Moreover the length of these notes is relative to some tempo that is specified in the instructions. Musicians think of tempo in terms of *beats per minute* (`BPM`) where the duration of a beat usually corresponds to a quarter note.

For example, if `BPM = 120` then there are 2 quarter notes per second and, therefore, each quarter note and beat has a duration of 0.5 seconds. 

Since there are even shorter notes than the quarter notes, we need a time unit that is smaller than a beat. Computer programs that synthesize or manipulate sounds are called *sequencers* and they refer to this smaller time unit as a *pulse*. 
The relation between beats and pulses is the parameters *pulses per quarter note* (`PPQ`). We will be using `PPQ = 4` as the shortest note we will be synthesizing is a sixteenthh note; commercial synthesizers use much larger values for PPQ to achieve very fine time resolution.

In summary, we have two parameters to specify tempo and time resolution:
* `BPM` indicates how many quarter notes per minute can be played
* `PPQ` indicates how many pulse occupy a quarter note; we will use `PPQ = 4` consistently

From these parameters, we can compute the following time-units:
``` python
beats_per_second = BPM / 60
seconds_per_beat = 1 / beats_per_second    # also duration of a quarter note
seconds_per_pulse = seconds_per_beat / PPQ # duration of a pulse

samples_per_pulse = int( seconds_per_pulse * fs )
```

<p style="margin-bottom: 15px; padding: 4px 12px; background-color: #ddffdd; border-left: 6px solid #04AA6D;">
Going forward we will express all durations and time instances in terms of <tt>seconds_per_pulse</tt>.
</p>

### Revisiting the musical scale

To put our discussion of tempo and time-units to use, lets synthesize the musical scale again. This time, we will specify all time units in terms of pulses and we will insert short pauses between notes.

Specifically, we will synthesize the musical scale as follows:
* Notes start at multiples of 4 pulses
* Each note has a duration of 3 pulses

we capture these two requirements via two vectors, `durations` and `startPulses`, that are of the same length as the vector `keys`. According to the specifications above, the vectors `durations` and `startPulses` must be as follows.

In [None]:
## specify `durations` and `startPulses` for musical scale
# all times and duration in pulses
N_notes = len( keys )

durations = 3 * np.ones_like(keys)
startPulses = np.arange(N_notes) * 4

print('keys: ', keys)
print('durations: ', durations)
print('startPulses:', startPulses) 

#### Synthesize the revised musical scale

Before synthesizing the scale, we define the necessary timing parameters.

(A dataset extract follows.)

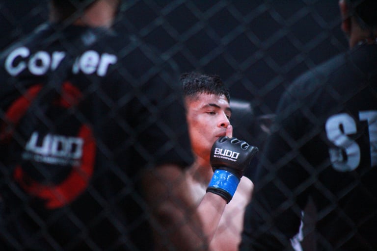 Roy Benavides también se impuso, llevándose el triunfo por decisión unánime tras una intensa y estratégica pelea. ¡Una actuación digna de aplauso y pura adrenalina en la jaula de Budo! 🏆🔥
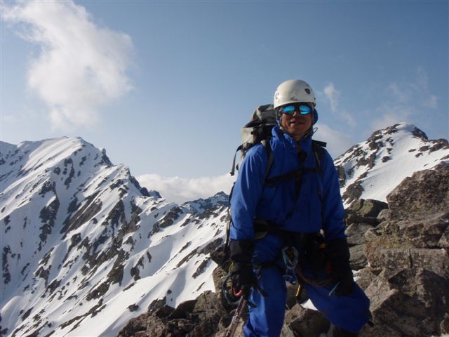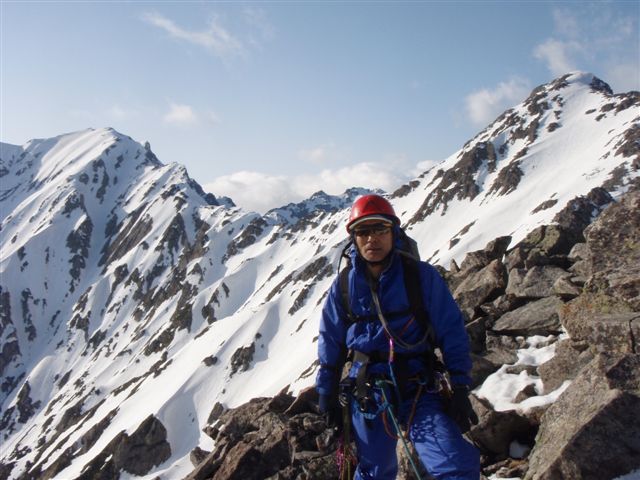 林さんと二人で、明神岳東稜です。今回は、細かなルートの確認は、リーダーの林さんがしてくれました。

Specifically, we want 120 beats per minutes and set `PPQ = 4`.

With these definitions and specification of the sample rate `fs`, we can compute the following timing values:

In [None]:
## Timing related parameters and time units
# Timing parameters
BPM = 120
PPQ = 4

fs = 11025

# derived parameters
beats_per_second = BPM / 60
seconds_per_beat = 1 / beats_per_second    # also duration of a quarter note
seconds_per_pulse = seconds_per_beat / PPQ # duration of a pulse

samples_per_pulse = int( seconds_per_pulse * fs )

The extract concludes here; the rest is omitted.